Action item = An exact transcription of all the records below is required, without any images.

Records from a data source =
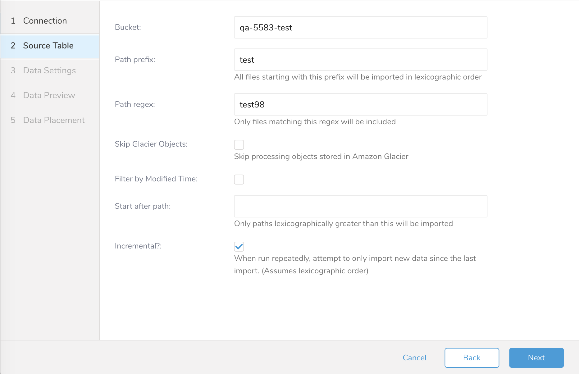 - If use_modified_time is disabled, the last path is saved for the next execution. On the second and subsequent runs, the connector only imports files that come after the last path in alphabetical order.
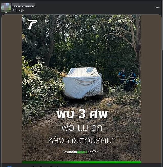 โดยพบว่าเมื่อวันที่ 13 กุมภาพันธ์ เวลา 18.35 น. โน๊ต แชร์ข่าวพบศพ 3 พ่อแม่ลูกหลังหายตัวปริศนา
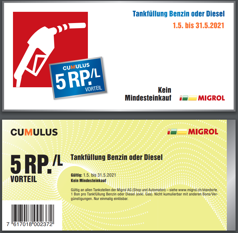 Migrol 5 Rp./L Rabatt auf Benzin und Diesel
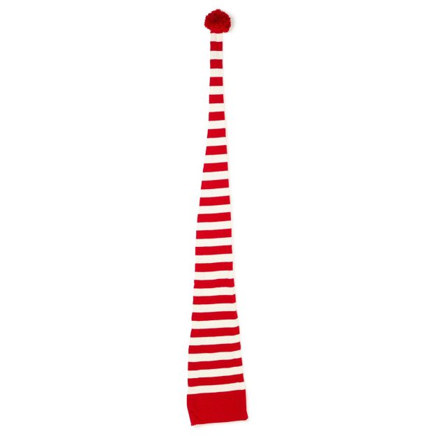 Indossando il lunghissimo cappello da elfo la magia del Natale sarà ancora più grande. La sera della vigilia stupite amici e parenti presentandovi alla cena con il cappello. La lunghezza permette di avvolgerlo intorno al collo per creare una sciarpa. Prodotto nelle tonalità natalizie del rosso, bianco e verde quando indosserete il cappello sarete al centro dell’attenzione e potrete dire di essere un vero elfo di Babbo Natale. Il cappello/sciarpa righe rosse misura 120 cm
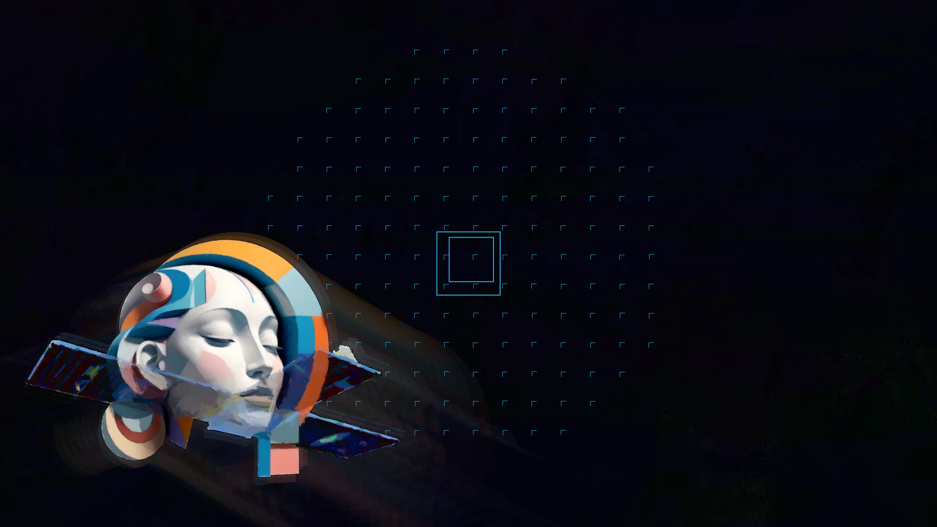 In Act I (Deep Blue, 1997), the engine renders a rigid Cartesian grid in deep cyan — a cooler planet, a rule-bound mind. By Act IV (Gemini, 2023), the grid has dissolved into a breathing, star-like nebula of organic particles against shifting reds and oranges — a fevered planet, a multimodal consciousness. The piece is accompanied by an original score composed by the artist, whose lyrics chant the specific dates of each technological milestone.

Problem solution =
 - If use_modified_time is disabled, the last path is saved for the next execution. On the second and subsequent runs, the connector only imports files that come after the last path in alphabetical order.
 โดยพบว่าเมื่อวันที่ 13 กุมภาพันธ์ เวลา 18.35 น. โน๊ต แชร์ข่าวพบศพ 3 พ่อแม่ลูกหลังหายตัวปริศนา
 Migrol 5 Rp./L Rabatt auf Benzin und Diesel
 Indossando il lunghissimo cappello da elfo la magia del Natale sarà ancora più grande. La sera della vigilia stupite amici e parenti presentandovi alla cena con il cappello. La lunghezza permette di avvolgerlo intorno al collo per creare una sciarpa. Prodotto nelle tonalità natalizie del rosso, bianco e verde quando indosserete il cappello sarete al centro dell’attenzione e potrete dire di essere un vero elfo di Babbo Natale. Il cappello/sciarpa righe rosse misura 120 cm
 In Act I (Deep Blue, 1997), the engine renders a rigid Cartesian grid in deep cyan — a cooler planet, a rule-bound mind. By Act IV (Gemini, 2023), the grid has dissolved into a breathing, star-like nebula of organic particles against shifting reds and oranges — a fevered planet, a multimodal consciousness. The piece is accompanied by an original score composed by the artist, whose lyrics chant the specific dates of each technological milestone.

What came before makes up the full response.